Tuesday, August 12, 2008

ASIA MARKETS: Shanghai Extends Fall, Mumbai Snaps Five-day Rally

Asian markets mostly declined Tuesday, with steelmakers such as Nippon Steel Corp. and Posco dropping on sliding commodity prices to outweigh gains in airline and automobile stocks such as Cathay Pacific Airways and Honda Motor Co.

The region was marked by choppy trading, which saw most indexes swerve between positive and negative territories.

Shanghai-listed stocks turned volatile, not much enthused by data, which showed consumer price index-based inflation for July rose at a slower-than- expected rate of 6.3% from the year-earlier month, in contrast to a surge in producer prices released Monday.

"The [CPI inflation] number by itself is marginally positive, but it's not completely safe in terms of China's inflation, because the producer price index is definitely picking up," said Peter Pak, vice president at BOCI Research in Hong Kong. "It may have some effect [on consumer prices] several months later."

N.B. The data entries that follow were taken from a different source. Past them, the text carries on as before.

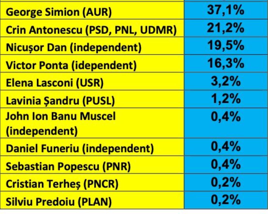 Conform ultimelor sondaje, George Simion (AUR) conduce în opțiunile alegătorilor, fiind secondat de Crin Antonescu (PSD, PNL, UDMR).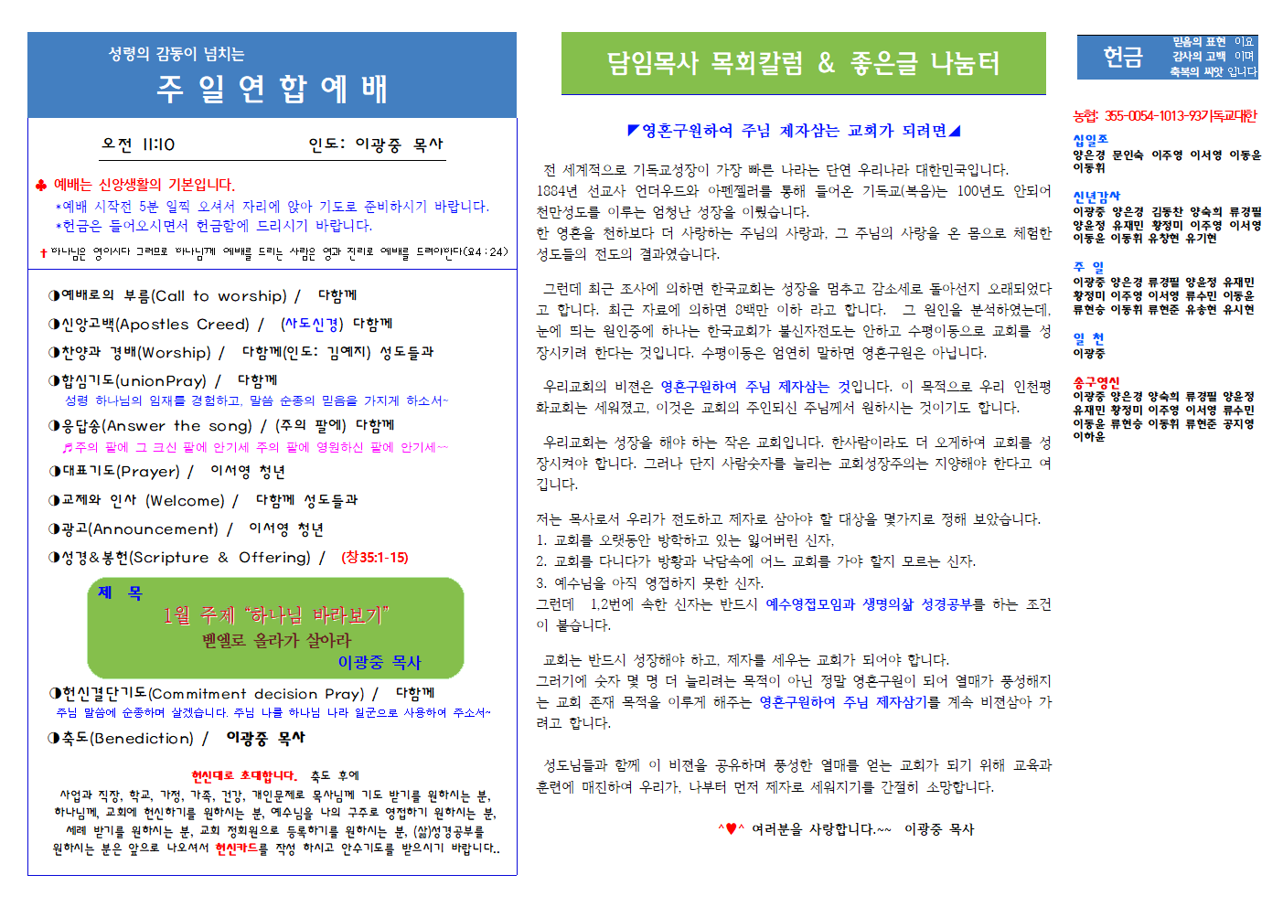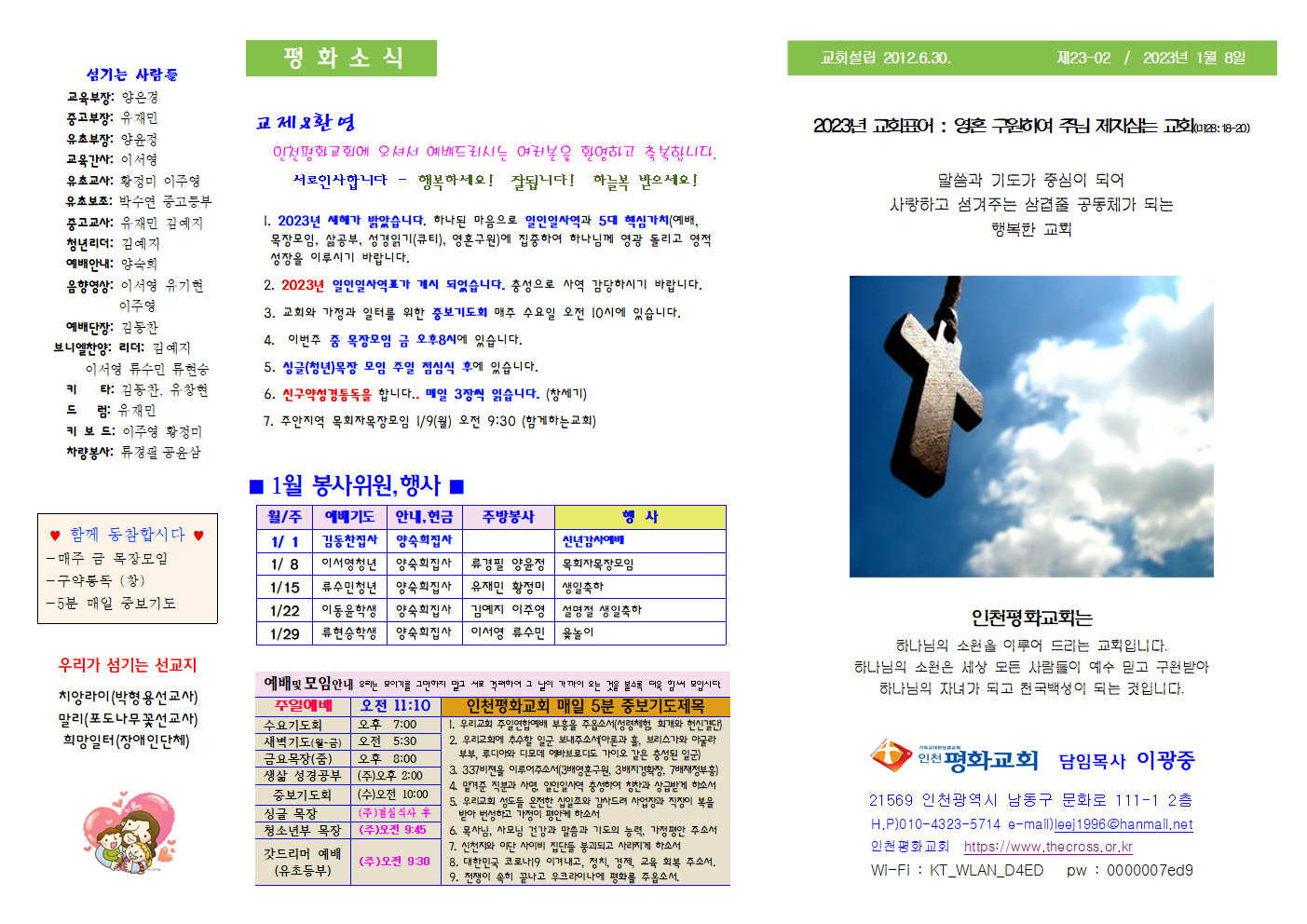 인천평화교회 제23-02 / 2023년 1월 8일 주보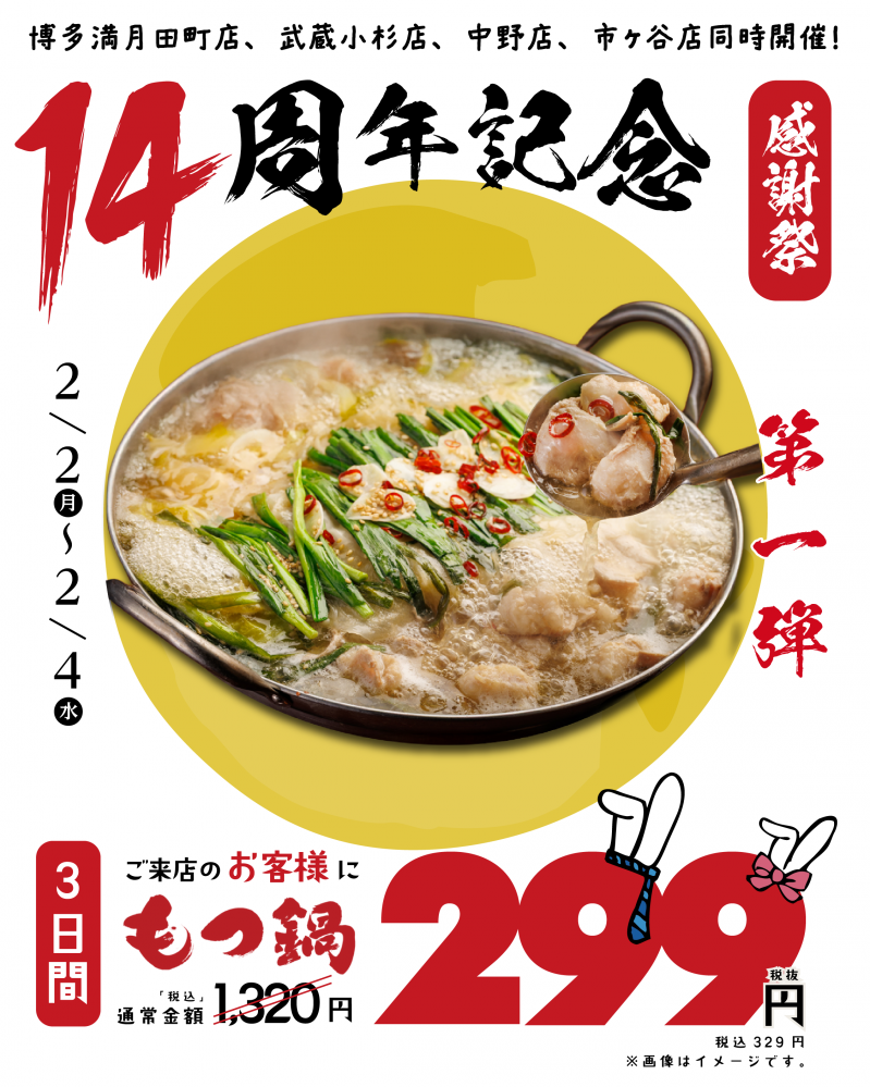第一弾は、2月2日から4日までの3日間、看板メニューのもつ鍋が通常価格1320円のところ、329円の超特価に。このあとも、お得な企画が続きます。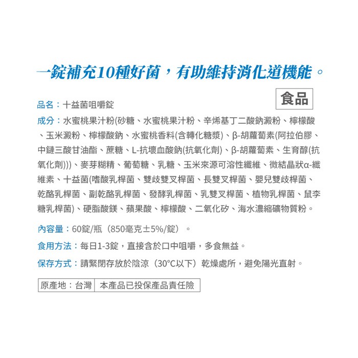 台鹽生技 十益菌咀嚼錠(60錠/罐)十益菌Weight ManagementMIPA 生活百貨

He was referring to China's PPI data released Monday, which showed wholesale inflation accelerated at a decade-high rate of 10% in July from the same month a year-ago.

The Shanghai Composite, which fell more than 9% in the two previous sessions, ended 0.5% lower at 2,475.20, after dropping as low as 2,430.85 earlier in the day. The benchmark index, which nearly doubled last year, has given up all its gains from 2007 and then some in 2008, tallying losses of more than 53% in the year to date.